On March 8, a Florida court blocked the Biden administration from using a key border program referred to as Parole plus Alternative to Detention (Parole + ATD). The court’s decision vacated the policy as unlawful. While the written order includes commentary on a wide range of border-related issues, including parole itself, the decision only directly affects the Parole + ATD program.

Parole + ATD was created by a Department of Homeland Security memo issued in November 2021 and updated in July 2022. The program, which was initially limited to families before the update expanded it to individuals, allowed for people entering the United States at the southwest border together to be paroled into the country while being placed on an alternative to detention, usually using a mobile phone app known as SmartLINK. They were also directed to report to an U.S. Immigration and Customs Enforcement office within 15 days of their entry, where they would be issued their Notice to Appear (NTA)—the charging document that formally starts a person’s immigration court case. The creation of the program broadly coincided with the end of family detention, in line with a promise President Biden made during his campaign and committed to at the beginning of his administration.

In September 2021, the state of Florida sued the federal government over its border policies. Their lawsuit, which was later amended to bring a direct challenge to the Parole + ATD program, argued that the program was not only in violation of the law governing how policies and rules are issued by the executive branch, but also that it was part of an amorphous, ill-defined “no detention” policy that they wanted to see blocked in court.

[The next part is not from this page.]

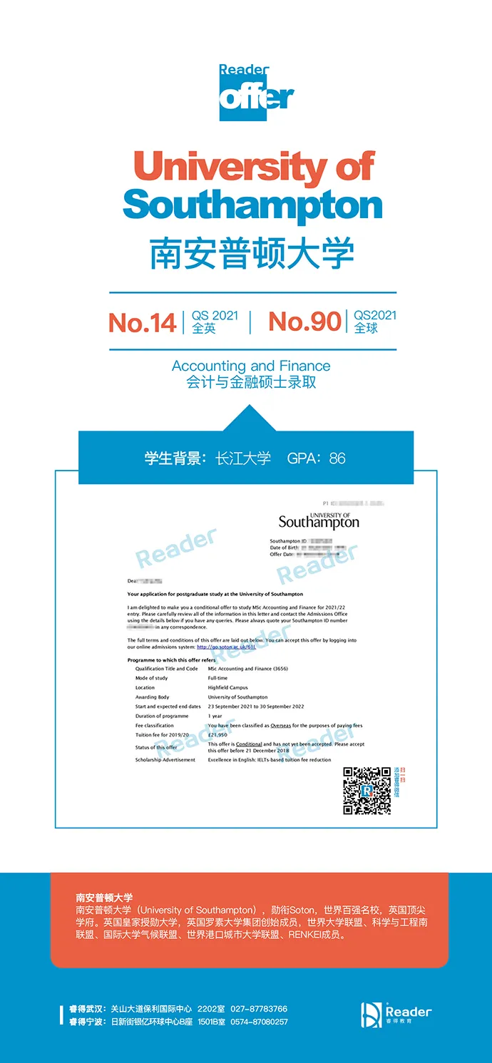 英国--南安普顿大学--会计与金融硕士录取

The court ultimately ruled that the policy should be vacated because it was issued in violation of that law. However, the immediate impact of this decision remains relatively uncertain. Following an expansion of the use of Title 42 in January, the Biden administration had already temporarily stopped using Parole + ATD in all but a handful of cases. Use of the program fell from 130,505 times in December 2022 to just 28 times in February 2023. This reduction may explain why the Department of Justice allowed the decision to go into effect without seeking emergency relief from a higher court.

Even though the judge in this case admitted he could only rule on the Parole + ATD program and not on Florida’s nebulous “no detention” policy claim, he nevertheless took the opportunity to give his opinions on a wide range of border policies ranging from Title 42, the Migrant Protection Protocols, and the entire parole regime. While these parts of the ruling are not binding, they are part of a troubling pattern of judicial activism from some Trump-appointed judges. These judges have challenged long-standing humanitarian policies in an attempt to force the federal government to detain or remove as many people as possible, while curtailing their power to use their discretion in immigration enforcement issues.

One of the most egregious aspects of the ruling is the judge’s wholly inaccurate assessment of the legality of parole itself. In prior cases where states such as Florida, Texas, and Louisiana sued the government on immigration enforcement and border policies, some courts have stretched the language of immigration laws to absurd conclusions. In previous cases, the courts decided that a section of the Immigration and Nationality Act (INA) required that everyone entering the country be detained for the duration of their cases or forced to wait in Mexico while they waited for their immigration court hearings, though it acknowledged that a person could still be paroled. In the Parole + ATD case, the judge took this one step further by arguing for even stricter restrictions on parole.

In prior cases, courts conceded that DHS had the independent power to parole anyone who was not subject to mandatory detention on a case-by-case basis. The judge in this case wrote that this authority was extremely limited. He suggested that the Parole + ATD program was an improper use of the parole statute because it didn’t include on its face a requirement that people paroled under the program would be returned to custody or their home country when the purpose of being paroled had been accomplished. According to this logic, the program’s purpose was for an individual to obtain their NTA. Therefore, the judge said, people should be detained after receiving their NTAs. He took this another step further, by stating that the INA requires individuals to have a “case pending” if they are to be paroled.

This conclusion is not supported by the actual statute or historical practice. Because a case is not officially “pending” until an NTA is filed with the court, he claimed that it is improper for people to be paroled into the country without receiving an NTA at the time of their parole.

This flawed assessment would challenge nearly every parole program the government has in place and that it has ever utilized. United for Ukraine, special consideration for Afghans, and many other parole programs over the years have been created for humanitarian reasons to provide temporary relief for individuals in a variety of circumstances. The extension of this reasoning to other parole programs would essentially make parole in the immigration context obsolete.

While this only vacates the specific memo creating Parole + ATD as a stand-alone policy, its legal implications could be far-reaching. If states are allowed to continue challenging every DHS policy related to immigration detention and enforcement to try to force the government’s hand, our already broken immigration system will only become more dysfunctional.